Take the line containing "The six masculine" and every line after it to the end of the records, and copy them exactly, excluding pictures.

Excerpted records Start Marker

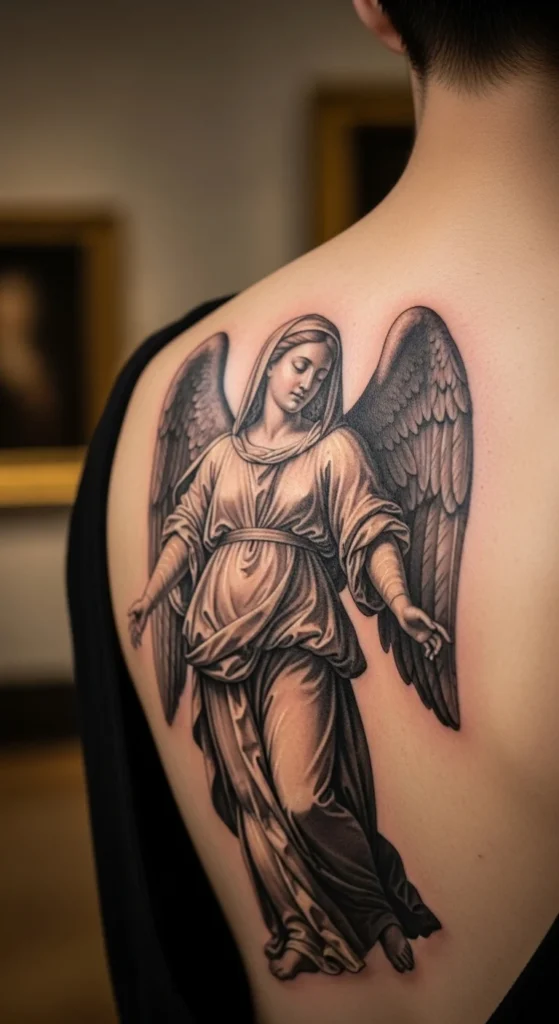 Renaissance-style angel tattoos feel artistic and timeless. These designs often include flowing robes and soft shadows. If you want a budget-friendly version, keep the piece small and stay with grayscale shading. Upper arms and calves work well because they handle detail without stretching. For a DIY test, place printed artwork on your skin to see how it flows with curves. This style is perfect for people who appreciate traditional art while keeping the meaning personal.
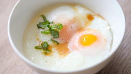 Steamed eggs are a subtle, fragrant dish, traditionally made by cooking beaten eggs with hot steam until tender, using a wok or a bamboo steamer, and then adorning them with spring onions and other gentle aromatics. The classic cooking style required for these eggs, however, can take a lot of utensils and time, and an easier way to make them is in the microwave. Steaming eggs in the microwave can take as little as 3-4 minutes of cooking time, and produces a tender custard that has a slight jiggle to it.
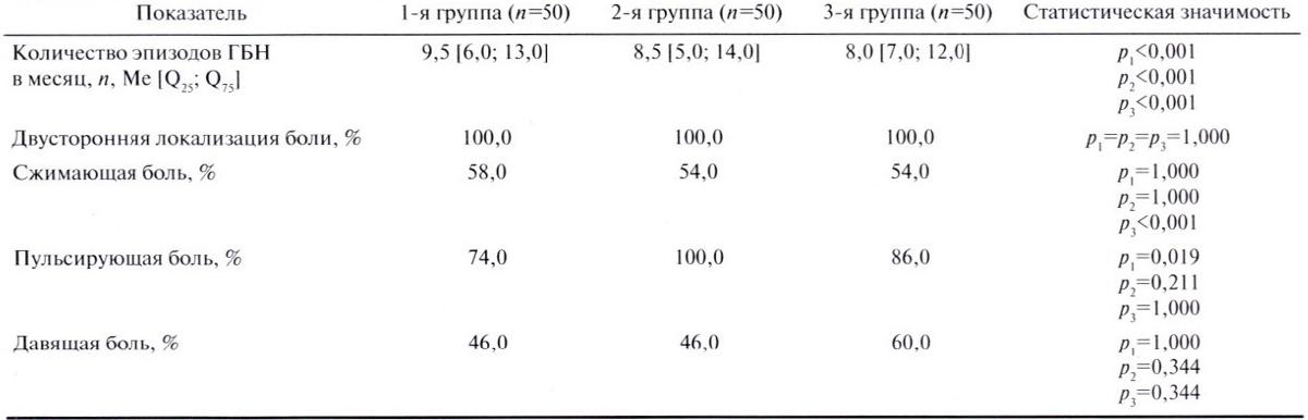 Таблица 2. Клинические характеристики головной боли у пациентов до начала лечения
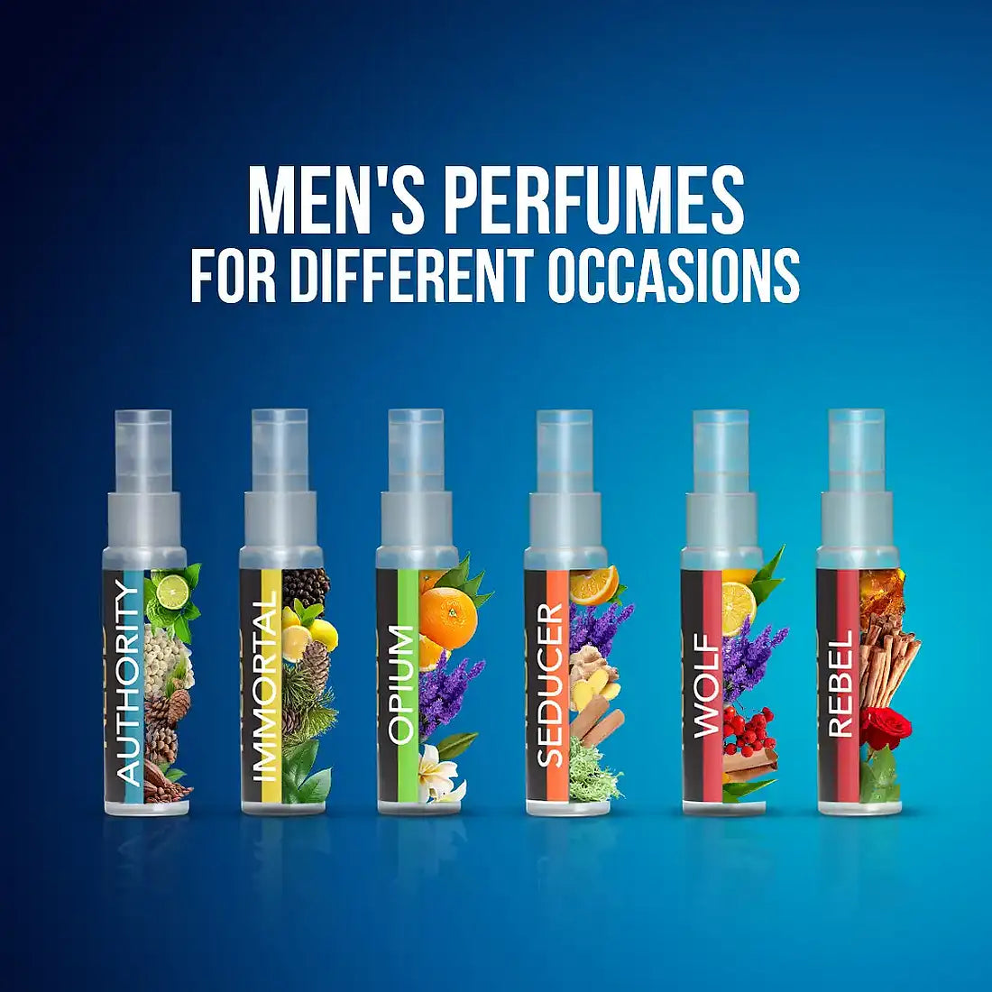 The six masculine perfume vials in this set include:
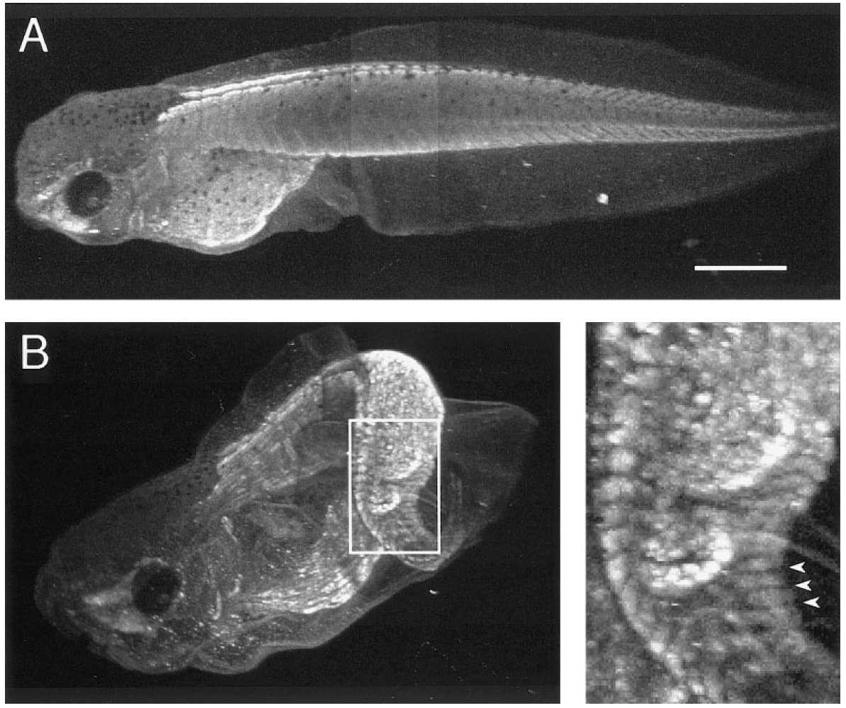 in the extraocular muscles and hypaxial musculature. Image is a z-series maximum projection of 50-mm confocal sections; bar, 500 mm. (B)
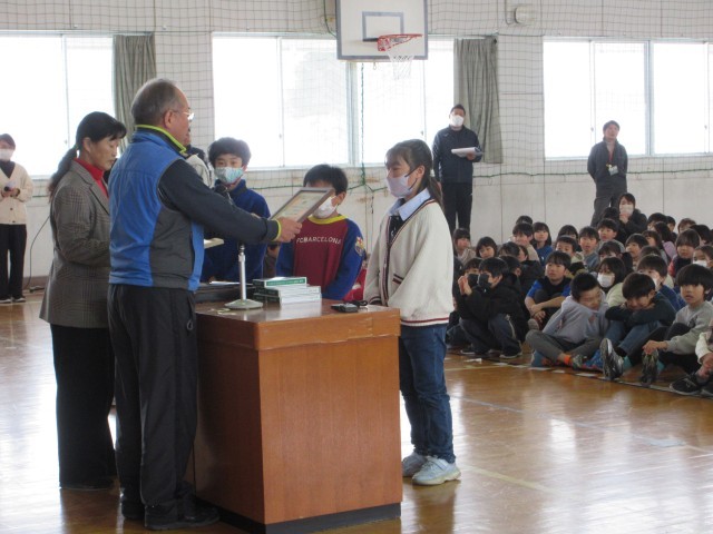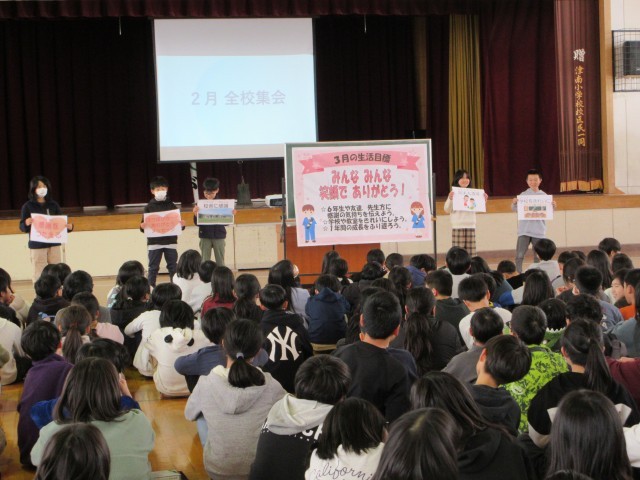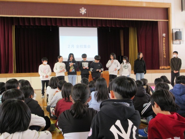2月16日 全校集会を行いました。校長からは現在繰り広げられている冬季オリンピックの競技、カーリングの「コンシード」を取り上げ、カーリングのフェアプレイの精神を学校生活の中で生かしていこうと投げかけました。その後、スキー大会や作文コンクール等の表彰、3月の生活目標「みんな笑顔でありがとう。」についてのお話を聞きました。最後に5年生から、六送会の準備協力について全校に呼びかけ、6年生の思い出になる会にしようと全校で確認しました。

Excerpted records End Marker

Task response:
 The six masculine perfume vials in this set include:
 in the extraocular muscles and hypaxial musculature. Image is a z-series maximum projection of 50-mm confocal sections; bar, 500 mm. (B)
2月16日 全校集会を行いました。校長からは現在繰り広げられている冬季オリンピックの競技、カーリングの「コンシード」を取り上げ、カーリングのフェアプレイの精神を学校生活の中で生かしていこうと投げかけました。その後、スキー大会や作文コンクール等の表彰、3月の生活目標「みんな笑顔でありがとう。」についてのお話を聞きました。最後に5年生から、六送会の準備協力について全校に呼びかけ、6年生の思い出になる会にしようと全校で確認しました。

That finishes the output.